**TASK REQUIREMENTS:**
Type out the entries again, matching each one exactly.

**RECORD EXTRACTS:**
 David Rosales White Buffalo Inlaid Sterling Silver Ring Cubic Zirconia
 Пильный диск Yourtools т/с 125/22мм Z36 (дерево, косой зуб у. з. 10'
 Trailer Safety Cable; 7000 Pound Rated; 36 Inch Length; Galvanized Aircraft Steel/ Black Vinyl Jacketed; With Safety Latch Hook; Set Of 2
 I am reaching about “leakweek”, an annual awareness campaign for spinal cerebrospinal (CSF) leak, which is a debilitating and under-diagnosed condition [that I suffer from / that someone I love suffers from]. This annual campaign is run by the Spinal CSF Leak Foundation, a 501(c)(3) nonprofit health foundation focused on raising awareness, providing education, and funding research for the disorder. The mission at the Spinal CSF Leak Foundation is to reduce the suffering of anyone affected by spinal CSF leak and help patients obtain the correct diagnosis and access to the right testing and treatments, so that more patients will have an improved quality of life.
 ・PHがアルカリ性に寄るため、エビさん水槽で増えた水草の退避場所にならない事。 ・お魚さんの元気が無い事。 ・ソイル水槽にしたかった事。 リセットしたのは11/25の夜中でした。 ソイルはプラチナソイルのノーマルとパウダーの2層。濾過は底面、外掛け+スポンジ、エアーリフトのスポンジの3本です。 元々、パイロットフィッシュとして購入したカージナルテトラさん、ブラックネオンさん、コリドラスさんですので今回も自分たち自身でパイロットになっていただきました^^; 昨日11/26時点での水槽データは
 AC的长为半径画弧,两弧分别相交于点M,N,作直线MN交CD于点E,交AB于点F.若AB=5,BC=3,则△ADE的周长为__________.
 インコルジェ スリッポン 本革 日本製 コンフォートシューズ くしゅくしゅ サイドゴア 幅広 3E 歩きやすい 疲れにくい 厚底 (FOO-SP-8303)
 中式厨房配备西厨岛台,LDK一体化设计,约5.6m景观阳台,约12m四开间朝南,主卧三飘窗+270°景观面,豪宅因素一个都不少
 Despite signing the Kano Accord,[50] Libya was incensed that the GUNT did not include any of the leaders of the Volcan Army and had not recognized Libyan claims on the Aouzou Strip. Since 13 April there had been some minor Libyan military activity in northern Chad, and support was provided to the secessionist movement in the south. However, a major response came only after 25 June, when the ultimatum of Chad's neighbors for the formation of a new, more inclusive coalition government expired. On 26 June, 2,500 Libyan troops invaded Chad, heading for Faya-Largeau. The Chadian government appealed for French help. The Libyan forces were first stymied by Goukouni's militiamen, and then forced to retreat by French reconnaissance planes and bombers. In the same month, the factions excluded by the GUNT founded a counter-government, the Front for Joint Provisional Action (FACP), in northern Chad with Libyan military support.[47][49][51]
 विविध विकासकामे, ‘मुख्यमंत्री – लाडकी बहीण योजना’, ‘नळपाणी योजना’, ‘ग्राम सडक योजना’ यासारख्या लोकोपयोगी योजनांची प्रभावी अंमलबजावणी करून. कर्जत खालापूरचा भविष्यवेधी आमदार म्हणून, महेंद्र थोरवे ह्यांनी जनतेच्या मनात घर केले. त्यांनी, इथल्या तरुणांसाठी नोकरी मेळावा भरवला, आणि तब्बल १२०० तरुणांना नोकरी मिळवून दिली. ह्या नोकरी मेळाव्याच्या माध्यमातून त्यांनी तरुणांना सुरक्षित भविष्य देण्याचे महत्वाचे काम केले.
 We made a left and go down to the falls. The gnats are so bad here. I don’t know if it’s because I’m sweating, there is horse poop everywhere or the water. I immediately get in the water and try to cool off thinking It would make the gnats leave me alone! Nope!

**RESULT OF THE EXERCISE:**
 David Rosales White Buffalo Inlaid Sterling Silver Ring Cubic Zirconia
 Пильный диск Yourtools т/с 125/22мм Z36 (дерево, косой зуб у. з. 10'
 Trailer Safety Cable; 7000 Pound Rated; 36 Inch Length; Galvanized Aircraft Steel/ Black Vinyl Jacketed; With Safety Latch Hook; Set Of 2
 I am reaching about “leakweek”, an annual awareness campaign for spinal cerebrospinal (CSF) leak, which is a debilitating and under-diagnosed condition [that I suffer from / that someone I love suffers from]. This annual campaign is run by the Spinal CSF Leak Foundation, a 501(c)(3) nonprofit health foundation focused on raising awareness, providing education, and funding research for the disorder. The mission at the Spinal CSF Leak Foundation is to reduce the suffering of anyone affected by spinal CSF leak and help patients obtain the correct diagnosis and access to the right testing and treatments, so that more patients will have an improved quality of life.
 ・PHがアルカリ性に寄るため、エビさん水槽で増えた水草の退避場所にならない事。 ・お魚さんの元気が無い事。 ・ソイル水槽にしたかった事。 リセットしたのは11/25の夜中でした。 ソイルはプラチナソイルのノーマルとパウダーの2層。濾過は底面、外掛け+スポンジ、エアーリフトのスポンジの3本です。 元々、パイロットフィッシュとして購入したカージナルテトラさん、ブラックネオンさん、コリドラスさんですので今回も自分たち自身でパイロットになっていただきました^^; 昨日11/26時点での水槽データは
 AC的长为半径画弧,两弧分别相交于点M,N,作直线MN交CD于点E,交AB于点F.若AB=5,BC=3,则△ADE的周长为__________.
 インコルジェ スリッポン 本革 日本製 コンフォートシューズ くしゅくしゅ サイドゴア 幅広 3E 歩きやすい 疲れにくい 厚底 (FOO-SP-8303)
 中式厨房配备西厨岛台,LDK一体化设计,约5.6m景观阳台,约12m四开间朝南,主卧三飘窗+270°景观面,豪宅因素一个都不少
 Despite signing the Kano Accord,[50] Libya was incensed that the GUNT did not include any of the leaders of the Volcan Army and had not recognized Libyan claims on the Aouzou Strip. Since 13 April there had been some minor Libyan military activity in northern Chad, and support was provided to the secessionist movement in the south. However, a major response came only after 25 June, when the ultimatum of Chad's neighbors for the formation of a new, more inclusive coalition government expired. On 26 June, 2,500 Libyan troops invaded Chad, heading for Faya-Largeau. The Chadian government appealed for French help. The Libyan forces were first stymied by Goukouni's militiamen, and then forced to retreat by French reconnaissance planes and bombers. In the same month, the factions excluded by the GUNT founded a counter-government, the Front for Joint Provisional Action (FACP), in northern Chad with Libyan military support.[47][49][51]
 विविध विकासकामे, ‘मुख्यमंत्री – लाडकी बहीण योजना’, ‘नळपाणी योजना’, ‘ग्राम सडक योजना’ यासारख्या लोकोपयोगी योजनांची प्रभावी अंमलबजावणी करून. कर्जत खालापूरचा भविष्यवेधी आमदार म्हणून, महेंद्र थोरवे ह्यांनी जनतेच्या मनात घर केले. त्यांनी, इथल्या तरुणांसाठी नोकरी मेळावा भरवला, आणि तब्बल १२०० तरुणांना नोकरी मिळवून दिली. ह्या नोकरी मेळाव्याच्या माध्यमातून त्यांनी तरुणांना सुरक्षित भविष्य देण्याचे महत्वाचे काम केले.
 We made a left and go down to the falls. The gnats are so bad here. I don’t know if it’s because I’m sweating, there is horse poop everywhere or the water. I immediately get in the water and try to cool off thinking It would make the gnats leave me alone! Nope!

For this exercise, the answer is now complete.